# WORK INSTRUCTIONS:
Extract, exactly as written, each line from the start of the records below to the line containing "ブローチ ヒスイ (金具=K14WG)", both ends included; drop the pictures.

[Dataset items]
=== Section Start ===

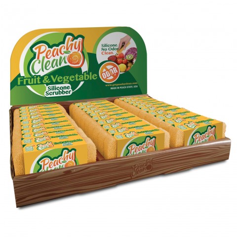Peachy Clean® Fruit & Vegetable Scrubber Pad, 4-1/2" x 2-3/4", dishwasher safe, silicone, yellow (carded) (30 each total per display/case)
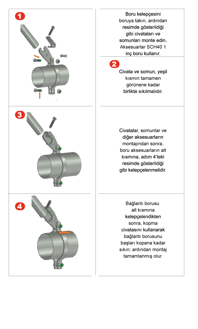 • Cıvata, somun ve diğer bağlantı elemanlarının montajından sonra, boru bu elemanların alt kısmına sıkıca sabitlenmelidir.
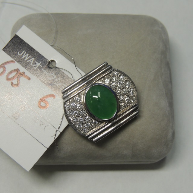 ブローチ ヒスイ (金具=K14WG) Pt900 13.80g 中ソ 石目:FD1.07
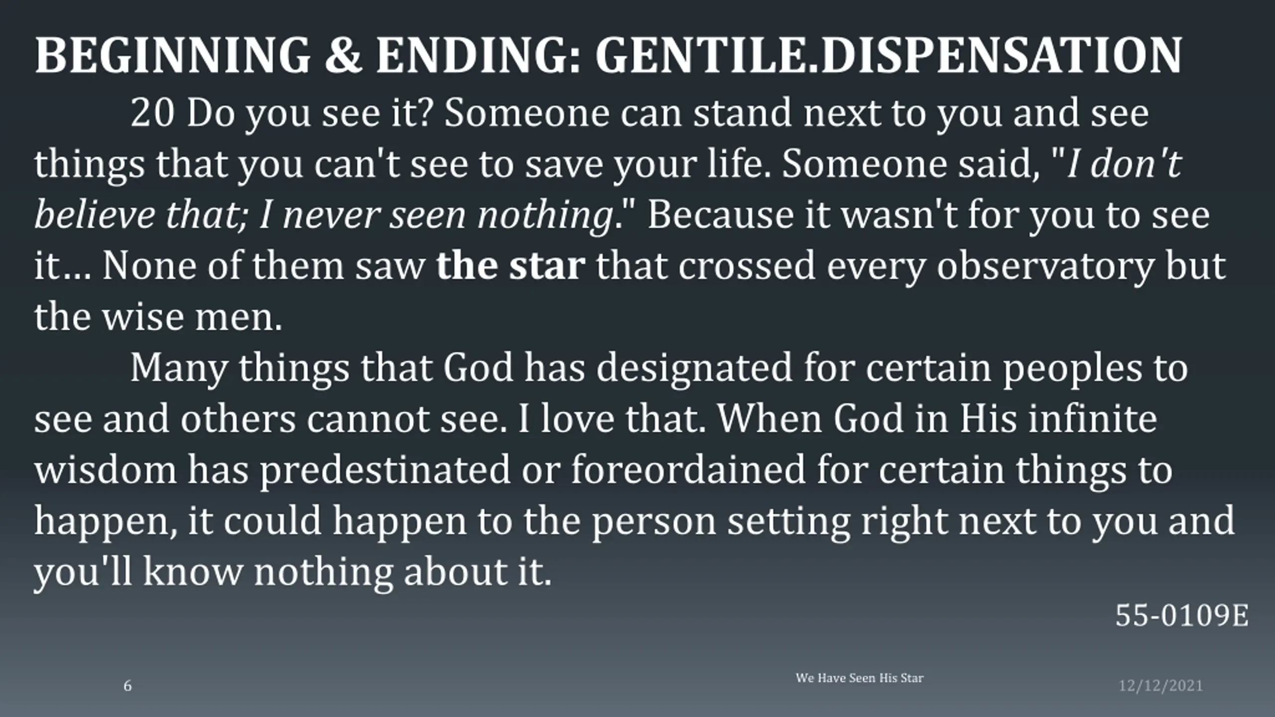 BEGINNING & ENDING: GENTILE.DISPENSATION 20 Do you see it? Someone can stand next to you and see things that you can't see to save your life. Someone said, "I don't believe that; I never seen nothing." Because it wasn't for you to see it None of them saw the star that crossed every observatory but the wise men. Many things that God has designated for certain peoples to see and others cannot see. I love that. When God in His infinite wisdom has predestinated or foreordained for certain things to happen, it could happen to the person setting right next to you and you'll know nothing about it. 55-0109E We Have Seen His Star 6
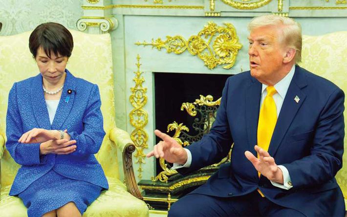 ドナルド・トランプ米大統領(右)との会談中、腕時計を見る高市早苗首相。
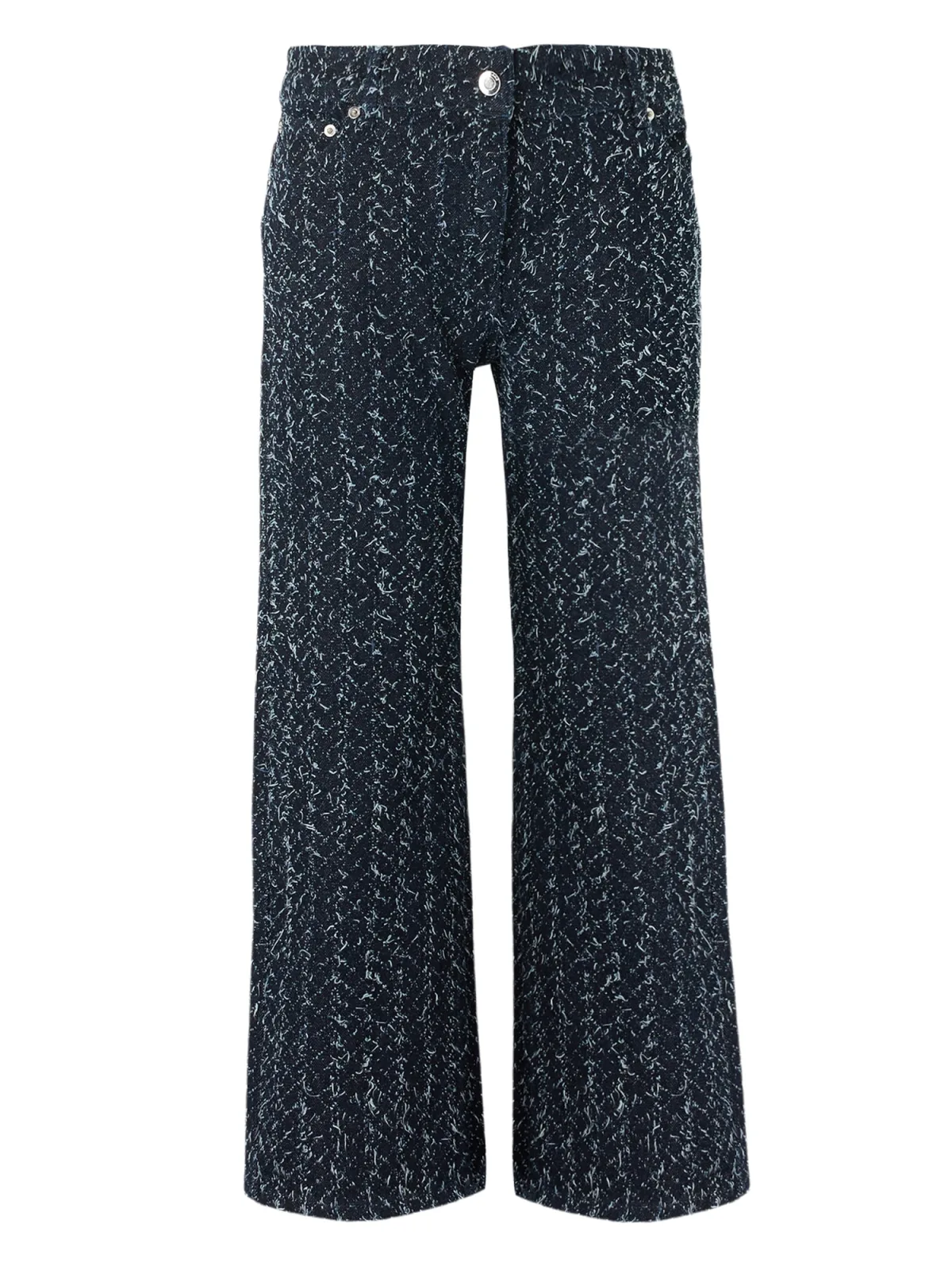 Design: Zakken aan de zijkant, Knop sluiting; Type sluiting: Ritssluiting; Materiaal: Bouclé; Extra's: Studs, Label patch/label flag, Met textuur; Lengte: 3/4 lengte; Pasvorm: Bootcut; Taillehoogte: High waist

=== Section End ===

# TASK RESPONSE:
Peachy Clean® Fruit & Vegetable Scrubber Pad, 4-1/2" x 2-3/4", dishwasher safe, silicone, yellow (carded) (30 each total per display/case)
 • Cıvata, somun ve diğer bağlantı elemanlarının montajından sonra, boru bu elemanların alt kısmına sıkıca sabitlenmelidir.
 ブローチ ヒスイ (金具=K14WG) Pt900 13.80g 中ソ 石目:FD1.07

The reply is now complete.